Inline Sub-DAGs with CallNode¶

dag.node(sub_dag, label="enrich") creates a CallNode that runs a sub-DAG once as a single pipeline step. The upstream output is passed to the sub-DAG's single source node:

enrich_dag = Dag()
enrich_dag.node(lookup) >> enrich_dag.node(annotate)

parent = Dag()
parent.node(fetch) >> parent.node(enrich_dag, label="enrich") >> parent.node(save)

Like MapNode, the sub-DAG must have exactly one source and one sink.

Running DAGs Directly¶

A Dag is callable — await dag(**kwargs) creates a DagRunner with NullProvenance and returns a DagRunResult. Kwargs are matched to source node parameters by name:

import asyncio

result = asyncio.run(main_dag(text="hello world\nfoo bar\nbaz qux"))
print(result.status)   # "completed"
print(result.outputs)  # {"reduce": {"hello": 1, "world": 1, ...}}

For production use with provenance, create a DagRunner explicitly:

from pathlib import Path
from lythonic.compose.dag_runner import DagRunner
from lythonic.compose.dag_provenance import DagProvenance

runner = DagRunner(main_dag, provenance=DagProvenance(Path("runs.db")))
result = asyncio.run(runner.run(source_inputs={"split_text": {"text": "hello world"}}))

FlatMap Behavior¶

When using Dag.map() with list inputs, sub-DAG results that are lists are flattened into the parent result. Scalar results are appended as-is. This makes it easy to have sub-DAGs that expand one input into multiple outputs:

def expand(item: str) -> list[str]:
    return [item, item.upper()]

expand_dag = Dag()
expand_dag.node(expand)

dag = Dag()
dag.node(split) >> dag.map(expand_dag, label="expand") >> dag.node(collect)
# If split returns ["a", "b"], the map output is ["a", "A", "b", "B"]

Routing with SwitchNode¶

dag.switch(branches, label) routes data to one of several branch DAGs based on a LabelSwitch value. The upstream node must return either:

A dict with a "__switch__" key: {"__switch__": "text", "content": "..."}
A tuple/list where the first element is the label: ("text", {"content": "..."})

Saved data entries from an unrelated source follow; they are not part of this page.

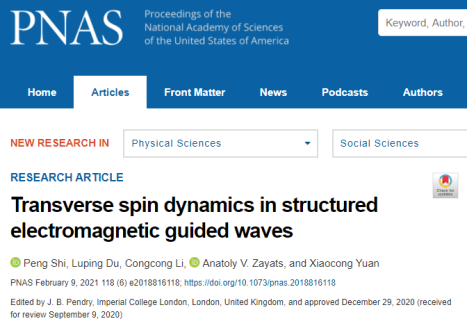 近日,我校袁小聪教授团队的vsport纳米光子学研究中心在自旋光子学领域取得了重要原创成果,于2021年2月1日在国际顶级学术期刊美国科学院院报《Proceedings of the National Academy of Sciences of the United States of America》上发表了题为《Transverse spin dynamics in structured electromagnetic guided waves》的文章,该中心石鹏助理教授、杜路平教授为共同第一作者,杜路平教授、袁小聪教授以及英国伦敦大学国王学院Anatoly. V. Zayats教授是共同通讯作者,vsport是该文章的第一单位和第一通讯单位。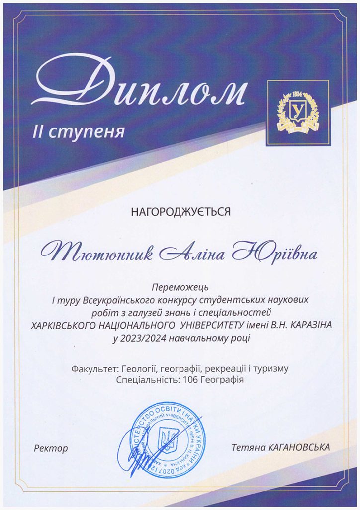 2. ТЮТЮННИК Аліну (ОП «Географія рекреації та туризму» студентка 1 курсу магістратури), – диплом І ступеня (спеціальність 106 Географія) науковий керівник – доц. к. геогр. н., ПРАСУЛ Ю. І.;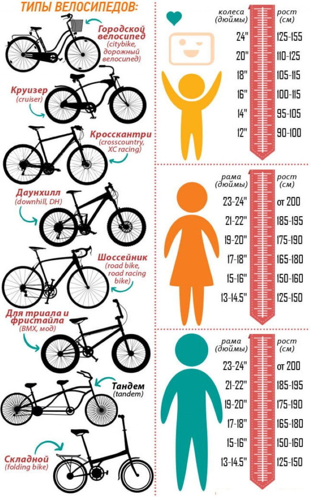 Таблица выбора велосипеда по росту и весу
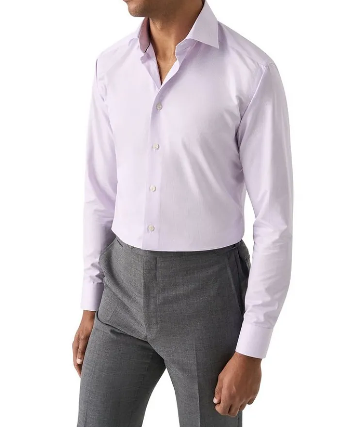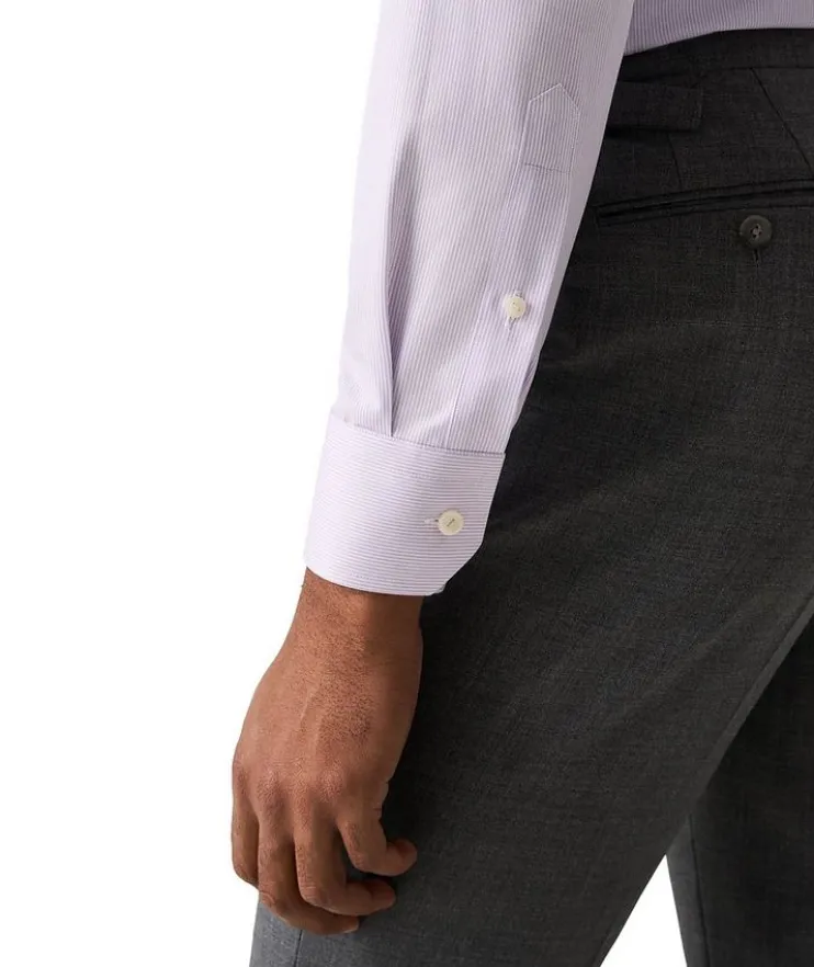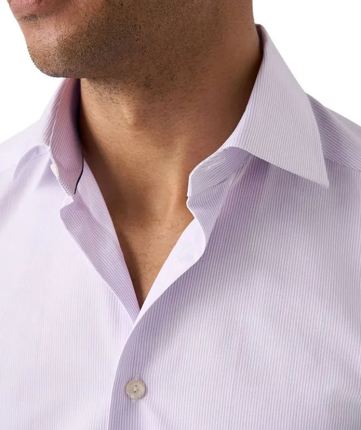 - A timeless dress shirt with fine stripes made from lustrous 100% cotton Signature Twill weave with subtle texture. This versatile and highly comfortable business classic is presented with white buttons and crease-resistant performance.

Branches can be DAGs, @dag_factory functions, or plain callables. When passing a list, labels are auto-derived from names:

def classify(doc: dict) -> tuple[str, dict]:
    kind = "text" if doc.get("type") == "text" else "image"
    return (kind, doc)

def handle_text(doc: dict) -> dict:
    return {**doc, "processed": True}

def handle_image(doc: dict) -> dict:
    return {**doc, "resized": True}

dag = Dag()
dag.node(classify) >> dag.switch([handle_text, handle_image], label="router")

With explicit labels via a dict:

dag.node(classify) >> dag.switch(
    {"text": text_pipeline, "image": image_pipeline},
    label="router",
)

MapSwitch: Map + Route¶

Combine map and switch to map over a collection and route each element to a different branch based on its LabelSwitch value:

def tag_items(items: list[dict]) -> list[tuple[str, dict]]:
    return [(item["type"], item) for item in items]

dag = Dag()
dag.node(tag_items) >> dag.map(
    dag.switch([handle_text, handle_image], label="route"),
    label="process_all",
) >> dag.node(merge)

Each element in the collection must provide a switch label (same protocol as SwitchNode). FlatMap behavior applies to the results.